═══ DATA FOR THIS EXERCISE
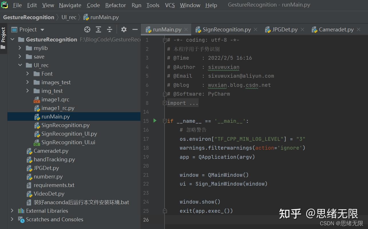 以下就是手势识别的主程序,也就是主要核心内容。通过mediapipe的api我们可以分析出检测到的是左手还是右手,并获取相应手的21个关键点坐标。
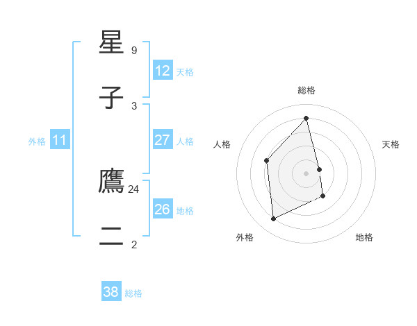 星子 鷹二さんの総格は38画の4点!
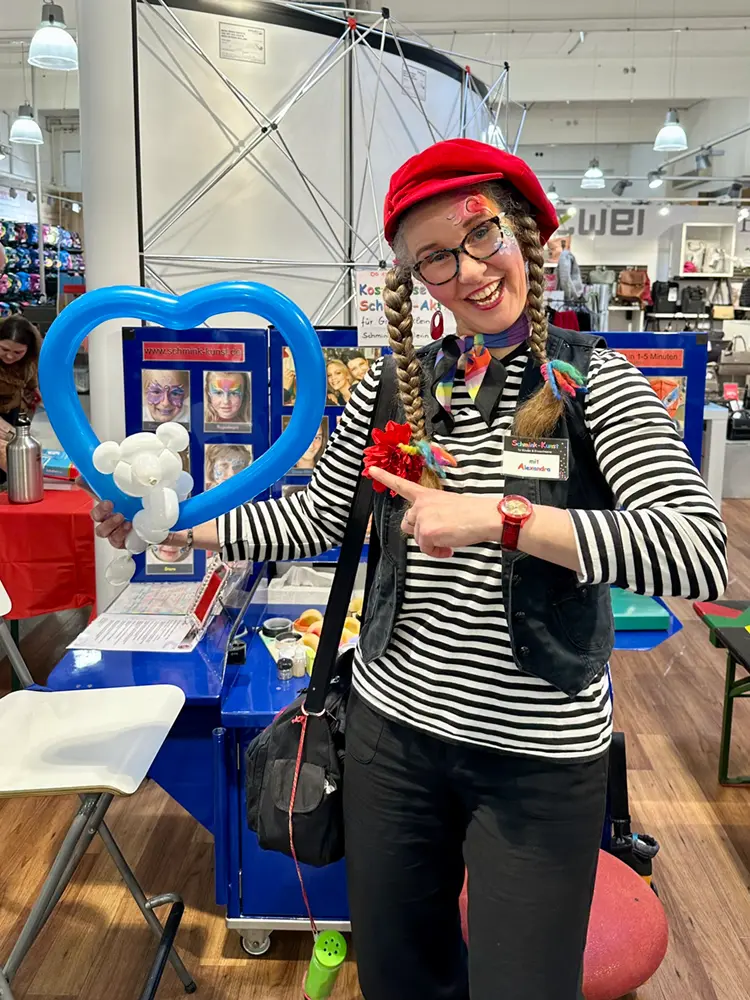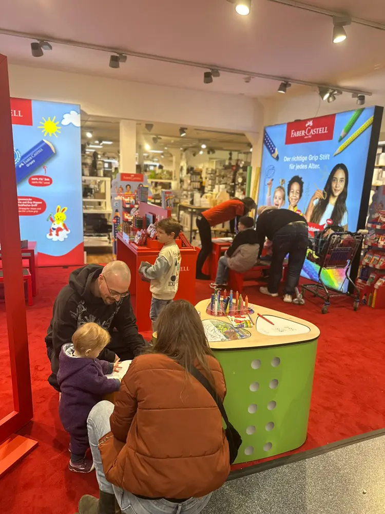 Mit strahlenden Gesichtern ließen sich die kleinen Gäste von Alexandra in kleine Kunstwerke verwandeln und nahmen mit Freude ihre bunten Luftballontiere entgegen. Ein besonderes Highlight: Ein Graffiti-Künstler personalisierte SATCH Rucksäcke und Mäppchen und machte sie zu echten Unikaten! Das Faber-Castell Maskottchen „Grippi“ verteilte fleißig die neuen Stifte, und in der Schreiblernberatung von STABILO erhielten Eltern und Kinder wertvolle Tipps für einen erfolgreichen Schreibstart. Nach so viel Action konnten sich die Kinder mit einer Tüte Popcorn stärken – natürlich kostenlos!
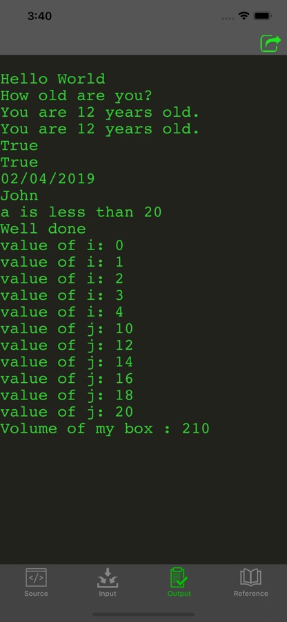 — This is a batch compiler; interactive programs are not supported. For example, if your program provides an input prompt, enter the input in the Input tab prior to compilation.
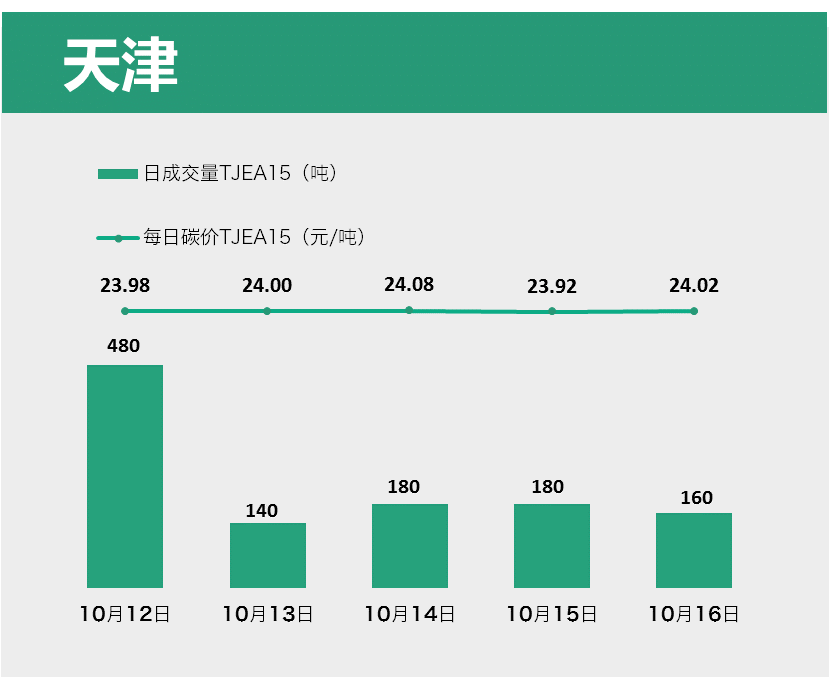 本周天津碳市共成交1,140吨TJEA,总成交额27,351元。周成交均价为23.99元/吨,较上周有小幅上涨。
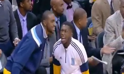 Kenneth Faried had a massive dunk during Tuesday’s game against the Bulls causing Nate Robinson to get wild on the bench. [@gifdsports]
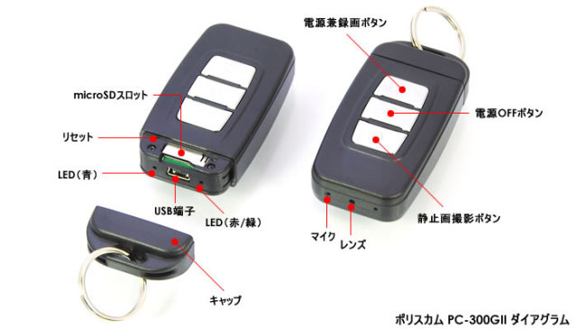 ![]() ●さりげない撮影が可能なリモコンキーのカモフラージュ型 ポリスカム PC-300G2は、外観をリモコンキーに擬装したカメラ一体型レコーダーです。従来機と比べ、より車両のキーレスエントリーらしい外観になりました。 どこにでも持ち歩ける違和感のないデザインで、証拠撮影に最適です。 ●高画質500万画素CMOS/H.264コーデック採用 内蔵カメラはOmniVision製500万画素CMOSを搭載、映像コーデックはAVC/H.264を採用し、従来の超小型ビデオカメラよりさらに高画質撮影を行うことができます。 ●1080pの高画質設計 解像度1080pのFHD高精細仕様を纏って生まれ変わったPC-300G?。発売以来調査・捜査の現場から支持され選ばれ続けてきたPC-300G。満を持したPC-300G?は、後継モデルとして相応しいスペックとなっています。調査・捜査の現場にて価値ある選択の一つとして自信を持ってご提案いたします。 動画記録解像度は、アスペクト比16:9のFull HD動画が撮影できる1080pモード(30fps)、720pモード(30fps)から選択できます。 ※動画は10分ごとに1つのファイルとして作成されます。 ●シンプルなデザインと操作性 シリーズの要であるシンプルなデザインと操作性能。信頼性のある俊敏なメカ反応と簡易操作性能は健在です。 徹底的に無駄をそぎ落とした操作性で、撮影時迷うことなく使用できます。 ●秀逸なる秘匿性能 PC-300G同様細部にまで拘った機器のデザインがもたらす秘匿性はバツグン。本物のリモコンキーと見まごうばかりの秀逸なフォルムデザインは、およそ特殊情報収集機器とは気付かないでしょう。 ●細部まで描写可能な静止画撮影機能 静止画解像度は2592×1944ピクセルを提供。静止画として証拠スナップした場合でも、高い解像度で細部にわたる情報を余すことなく切り取ります。 ●高音質マイク マイクは高性能なコンデンサー型マイクを採用しています。PCMデジタル録音にてクリアな音声記録が可能です。 ●microSDカードスロット搭載 動画および静止画の記録媒体には、マイクロSDカードを採用しました。メモリ容量は最大16GBに対応しています。 ※電源を入れる前に必ずMicroSDカードを挿入してください。 ●その他 証拠能力を上げる日付をインサートするタイムスタンプ機能、ブラインド操作時必須の作動状態を把握するバイブレーション機能の提供。 |
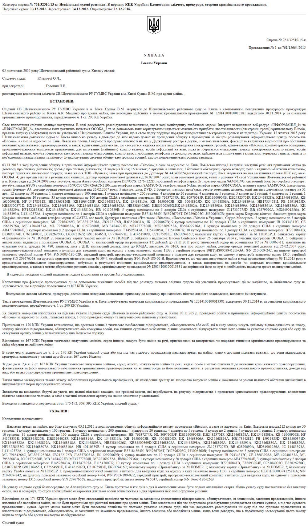 В реестре действительно мы насчитали десятки дел, повествующих о жестком прессинге предприятий, которые имели смелость перевести часть своих платежей в криптовалюту. Например, в деле говорится об обыске в "Посольстве Биткоин в Украине", во время которого еще в ноябре 2015 года были изъяты оборудование, документы и деньги. Но не виртуальные, а вполне реальные.
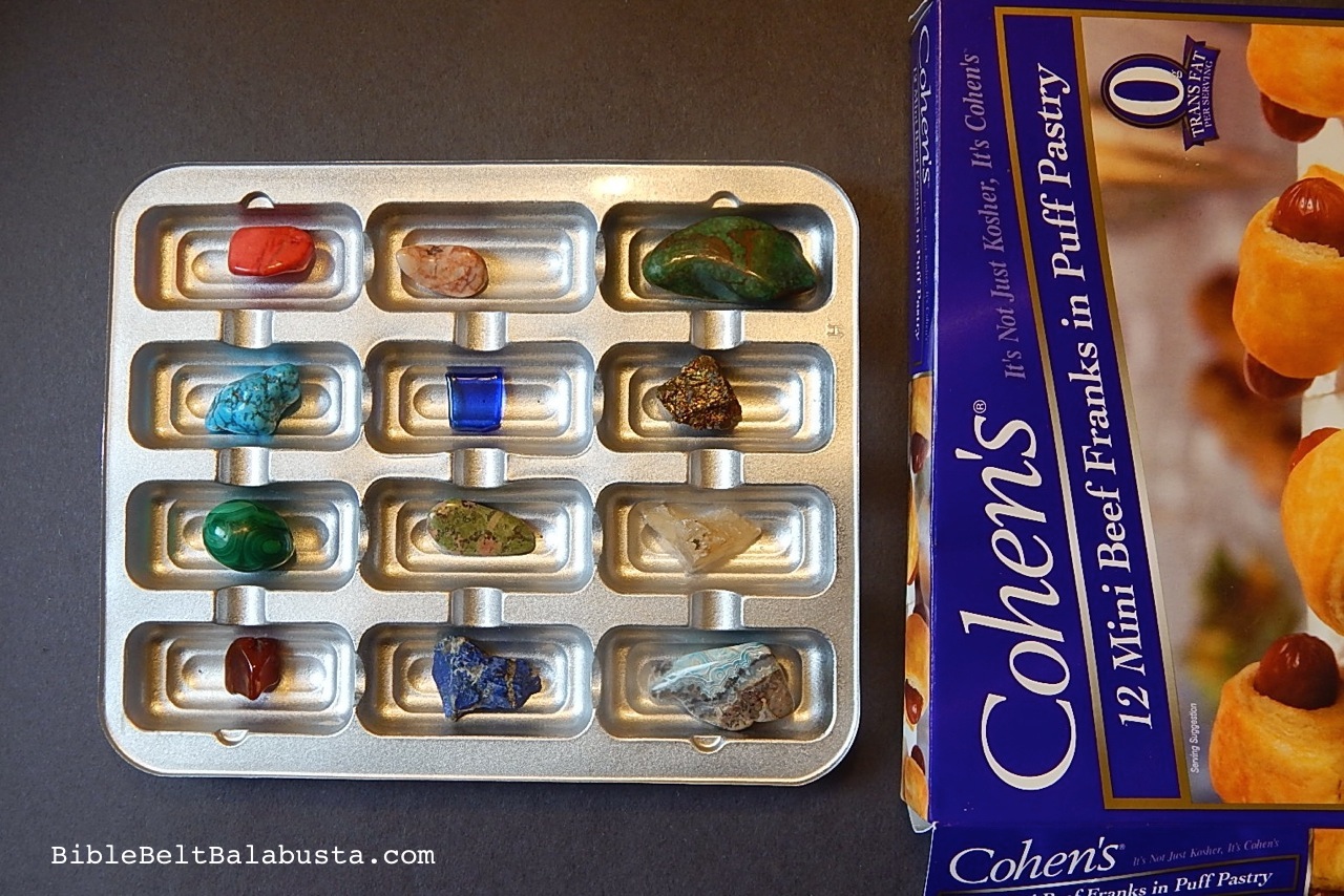 Meanwhile, in Exodus 28, God orders Moses to fashion the high priest’s breastplate as a grid of four rows of three cavities, each designed to cradle a semi-precious stone. It is but an easy step to convert our tray o’ franks to a tray o’ gems: just remove a weenie and insert a ruby.*
══════
_TASK INSTRUCTIONS_
Text only, no pictures: please print exactly the lines above from the line with "prior to compilation." up to and including the line with "本周天津碳市共成交1,140", and nothing else.

_EXERCISE ANSWER_
 — This is a batch compiler; interactive programs are not supported. For example, if your program provides an input prompt, enter the input in the Input tab prior to compilation.
 本周天津碳市共成交1,140吨TJEA,总成交额27,351元。周成交均价为23.99元/吨,较上周有小幅上涨。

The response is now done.